Couldn't put it down! I read it in one weekend and wanted more!
If you like a good history setting and a story based on true facts of the time, you would enjoy reading Brigid's Charge. You will not guess the ending!
I just finished reading Brigid's Charge and thoroughly enjoyed it!! I really wanted to come back to it every night. Cynthia did an amazing job capturing how people spoke back then. Wow!! Very impressive, very well researched, very thought provoking. I could actually visualize myself back in time, identifying with various characters, envisioning how life was lived back then, and gaining a better appreciation and understanding of the challenges facing the masses when they first arrived to the New World. Cynthia went deep into conversations of her characters, and the conversations seemed real. I especially liked how the story ended. Looking forward to reading Cynthia Lamb's next book!
Many authors have taken advantage of what has become a stock post-feminist plot: A mother hides the family's witchcraft in the daughter who must make her way. At first look, Brigid's Charge might seem to be one of these. Don't put it down. It's not!

Grounded in a well guarded family secret, and well researched, this book weaves a fascinating thriller into the threads of 17th century American colonial life. I was spell bound. This is both a personal story, with well-rounded complex characters, as well as a mystery that must be solved by the characters. They get no help solving from a modern retrospective eye. Lamb keeps everyone in 17th and 18th century America, where they must work within the thinking and systems of that time. You will find no anachronisms in this book.

The writing is delicious and will carry the reader along.

I really wouldn't call this book "fantasy" at all. Rather, there are sometimes inexplicable events that our reason and the beliefs of the time cannot easily penetrate. It is up to the characters to trascend belief systems in order to come to terms with their mystery.

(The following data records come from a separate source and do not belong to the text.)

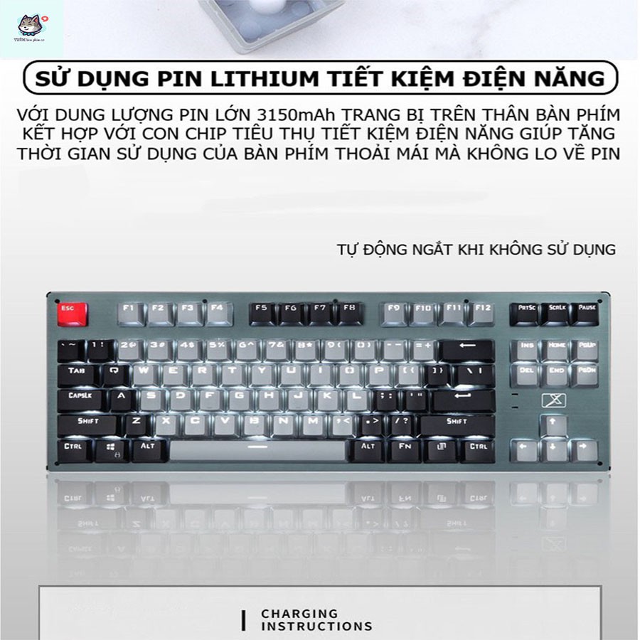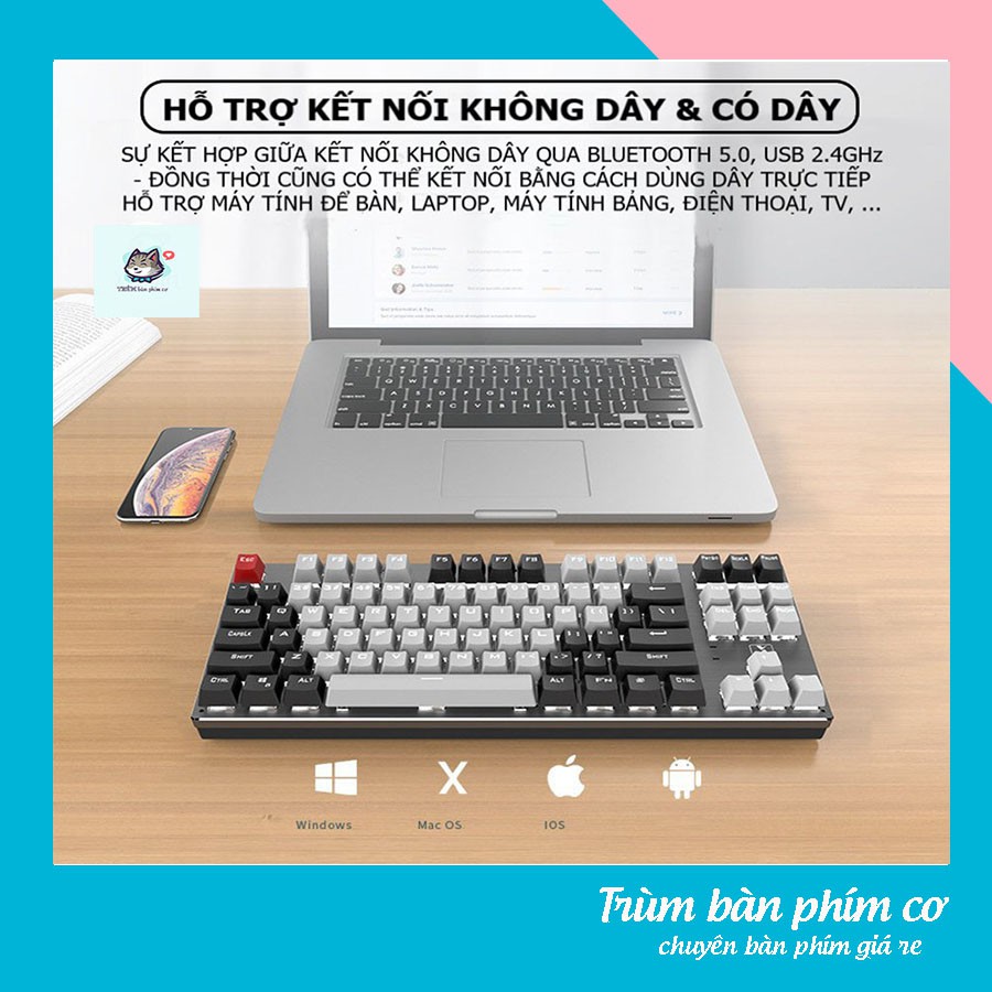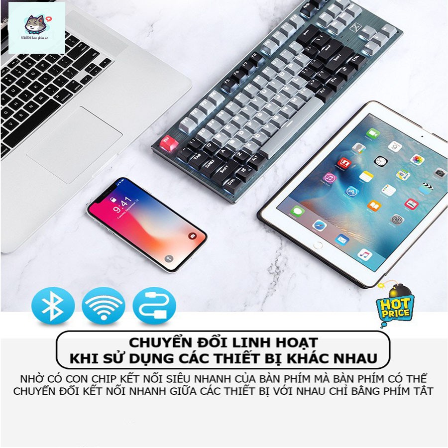 Bàn phím CƠ Bluetooth Không Dây Pin Sạc K950 LED đẹp, phím blue switch cho máy tính pc laptop, điện thoại, máy tính bảng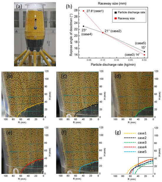 The deadman zone under different raceway conditions. (a) BF model. (b) case 1; (c) case 2; (d) case 3; (e) case 4; (f) case 5; (g) outlines of deadman; (h) the repose angle of the deadman zone from case 1 to case 5.
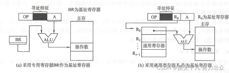 基址寻址:将CPU中基址寄存器(BR)的内容加上指令格式中的形式地址A,而形成操作数的有效地址,即EA=(BR)+A;其中基址寄存器既可采用专用寄存器,又可采用通用寄存器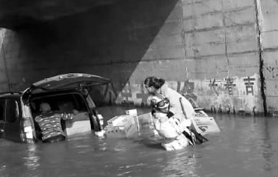 女司机将油门当刹车 冲进臭水坑一车药物泡汤

A great and thoughtful read.
I was originally drawn to this book because of the goddess lore. I enjoyed reading about Deborah and her trip from England to the New World and was intrigued by the Quakers and the hardships of living in a colony. It was interesting to see Deborah think about having another life for herself other than wife and mother. Although the story is plainly told, Deborah had a complexity to her.
What I liked least about the book was, unfortunately, the goddess lore. I found it to be forced and New-Agey. It just did not ring true for me. I think the story would have been better served by not forcing the Old Religion into the plot and kept to the plight of this woman trying to find her self in a new world and having her livelyhood taken away from her.
It also seemed like the ending was a bit over the top. It was exciting but after I read it, it felt like sensationalism. I won't give it away but suffice to say I wish the book concluded with a bit more restraint.
Authors like Marion Zimmer Bradley and Rosalind Miles do a very good job of intergrating goddess lore into their stories. I would recommend this book if you are interested in women of spirit and tales of the frontier.
Brigid’s Charge is wonderful. It has heart and it has muscle. It has dramatic tension and it achieves something that for me is rare, which is that it spans decades yet feels taut. And it gives me a palpable sense of what life might have been like at that time, in that setting, in a way that challenges and expands my imagination. And it brings down to earth the whole healer-woman archetype which had been romanticized to abstraction for me, prior to reading this novel. I’m not a joiner by nature, but if anything could make a pagan out of me, this is the book!